• SOURCE MATERIAL:
....................

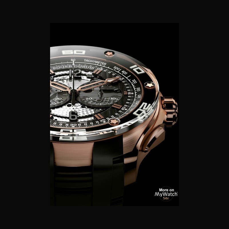 | More characteristics : | Double - pusher column - wheel chronograph Selfwinding mechanical movement with micro-rotor 13¾’’’ 42 jewels Finely adjusted in five positions rhodium - plated “Côtes de Genève” decoration Number of parts: 261 Height: 6.30 mm Frequency: 4 Hz (28.800 vph) Power reserve: 52 hours Dial Open on the movement Rhodium-plated arabic numerals at 12 and 6 o’clock integrated into the movement. “Côtes de Genève” pattern Black transfers White gold filet Silver exterior motifs “Côtes de Genève” Pink gold index appliques White ROGER DUBUIS and minute - circle transfers White SLN on the chronograph minute - circle White flange White tachymeter transfers Strap Alternance of satin and polish finishes Pink gold adjustable folding buckle |
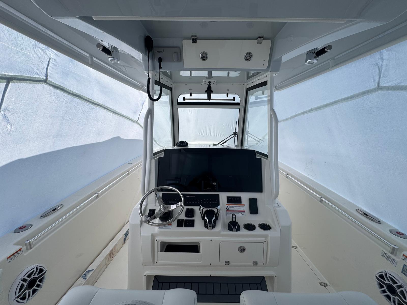 The Cobia 320 CC is loaded with special features that elevate your boating experience. The hull’s solid Whisper Grey color exudes modern elegance, while the two-tone Platinum and White cushion package adds a touch of luxury to every seat. The Bow Cushion Package ensures that the forward seating area is as comfortable as it is stylish, perfect for lounging in the sun or enjoying a scenic cruise. Faux teak decking in grey and black not only enhances the boat’s visual appeal but also provides a durable, non-slip surface underfoot.One of the standout features is the hardtop with an integrated frame and glass windshield, offering superior protection from the elements while maintaining clear visibility. The white powder coating on the hardtop frame adds durability and a clean, polished look. For those sunny days when you want extra shade, the bow sun shade provides a cool retreat, allowing you and your guests to relax in comfort. Trim tabs and indicators are seamlessly integrated, giving you the ability to fine-tune your ride for maximum performance and stability.
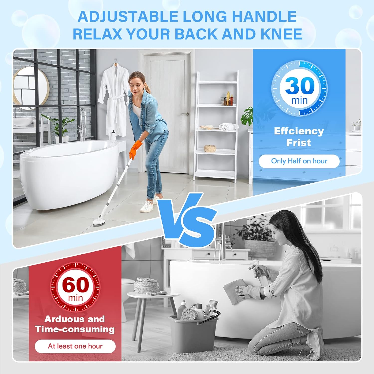 - 【3 Winkel abschliessbar】Der Bürstenkopf für Wannen- und Fliesenwäscher kann in drei Winkeln (90°, 120°, 180°) arretiert werden, um ein Hin- und Rückdrehen beim Reinigen zu verhindern. 180-Grad-Rotationsdesign zur Reinigung in verschiedenen
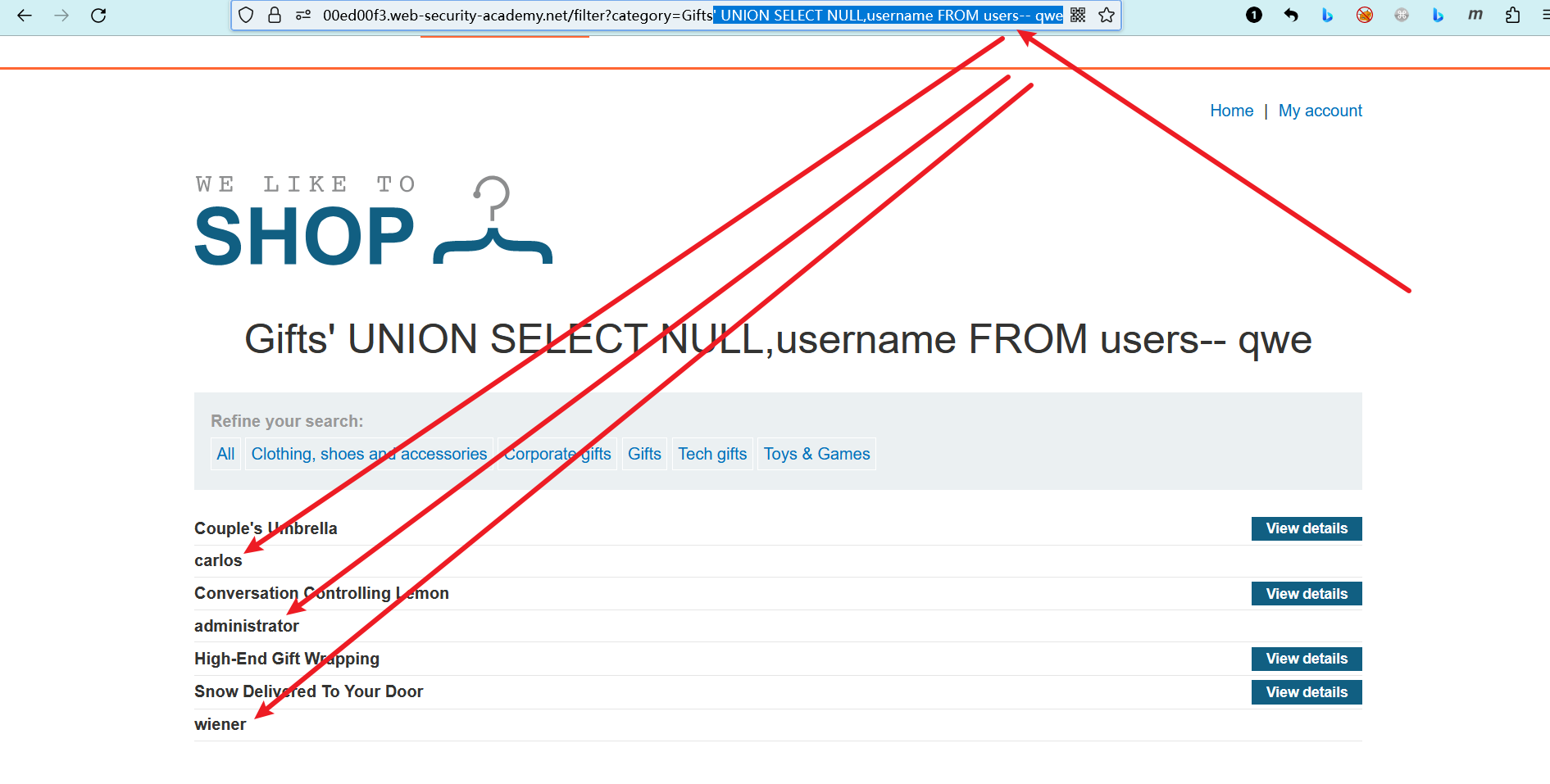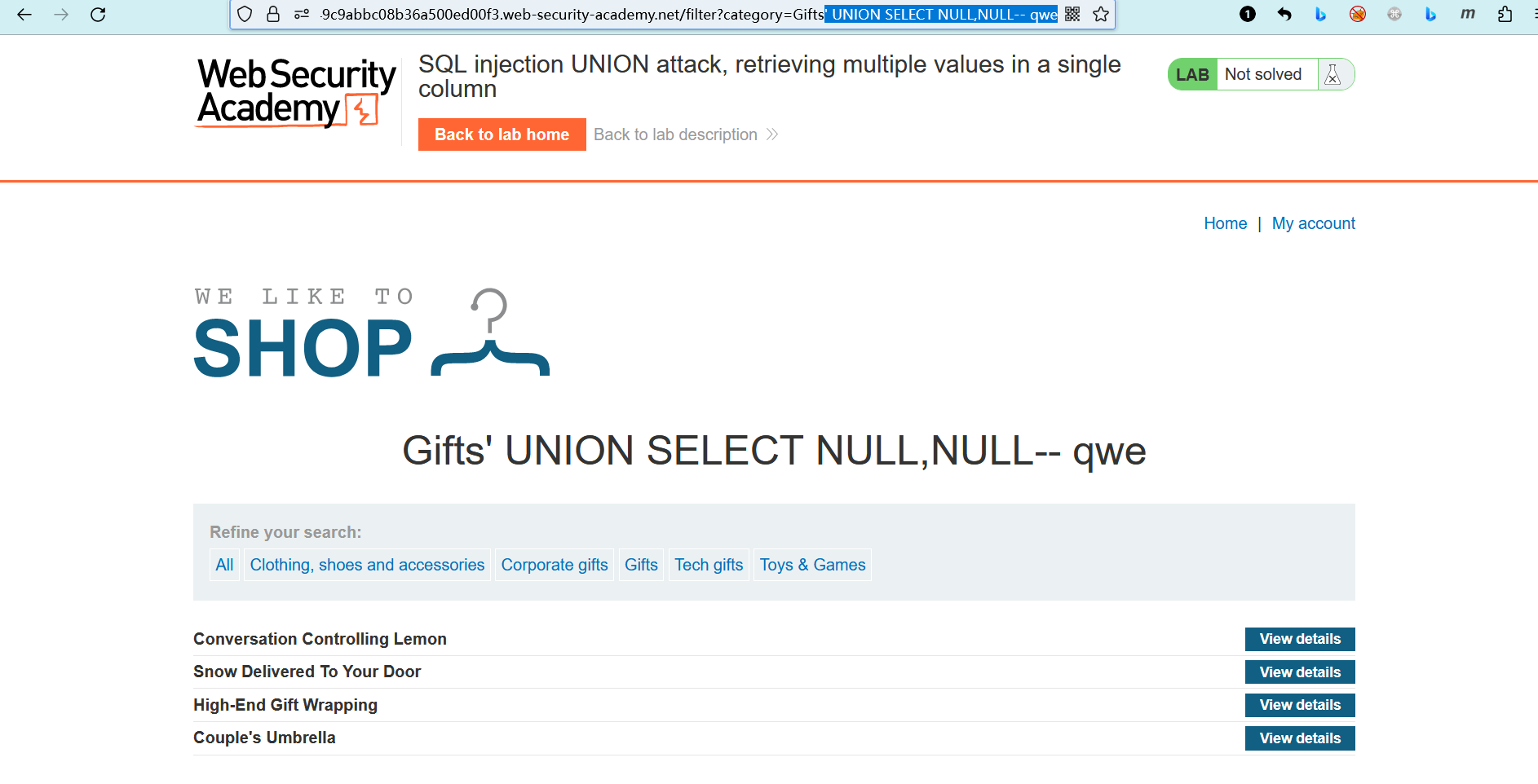 - 在产品类别筛选器中 执行SQL注入UNION攻击

....................

Output the listing exactly. Leave out any image.

• RESULT OF THIS TASK:
 | More characteristics : | Double - pusher column - wheel chronograph Selfwinding mechanical movement with micro-rotor 13¾’’’ 42 jewels Finely adjusted in five positions rhodium - plated “Côtes de Genève” decoration Number of parts: 261 Height: 6.30 mm Frequency: 4 Hz (28.800 vph) Power reserve: 52 hours Dial Open on the movement Rhodium-plated arabic numerals at 12 and 6 o’clock integrated into the movement. “Côtes de Genève” pattern Black transfers White gold filet Silver exterior motifs “Côtes de Genève” Pink gold index appliques White ROGER DUBUIS and minute - circle transfers White SLN on the chronograph minute - circle White flange White tachymeter transfers Strap Alternance of satin and polish finishes Pink gold adjustable folding buckle |
 The Cobia 320 CC is loaded with special features that elevate your boating experience. The hull’s solid Whisper Grey color exudes modern elegance, while the two-tone Platinum and White cushion package adds a touch of luxury to every seat. The Bow Cushion Package ensures that the forward seating area is as comfortable as it is stylish, perfect for lounging in the sun or enjoying a scenic cruise. Faux teak decking in grey and black not only enhances the boat’s visual appeal but also provides a durable, non-slip surface underfoot.One of the standout features is the hardtop with an integrated frame and glass windshield, offering superior protection from the elements while maintaining clear visibility. The white powder coating on the hardtop frame adds durability and a clean, polished look. For those sunny days when you want extra shade, the bow sun shade provides a cool retreat, allowing you and your guests to relax in comfort. Trim tabs and indicators are seamlessly integrated, giving you the ability to fine-tune your ride for maximum performance and stability.
 - 【3 Winkel abschliessbar】Der Bürstenkopf für Wannen- und Fliesenwäscher kann in drei Winkeln (90°, 120°, 180°) arretiert werden, um ein Hin- und Rückdrehen beim Reinigen zu verhindern. 180-Grad-Rotationsdesign zur Reinigung in verschiedenen
 - 在产品类别筛选器中 执行SQL注入UNION攻击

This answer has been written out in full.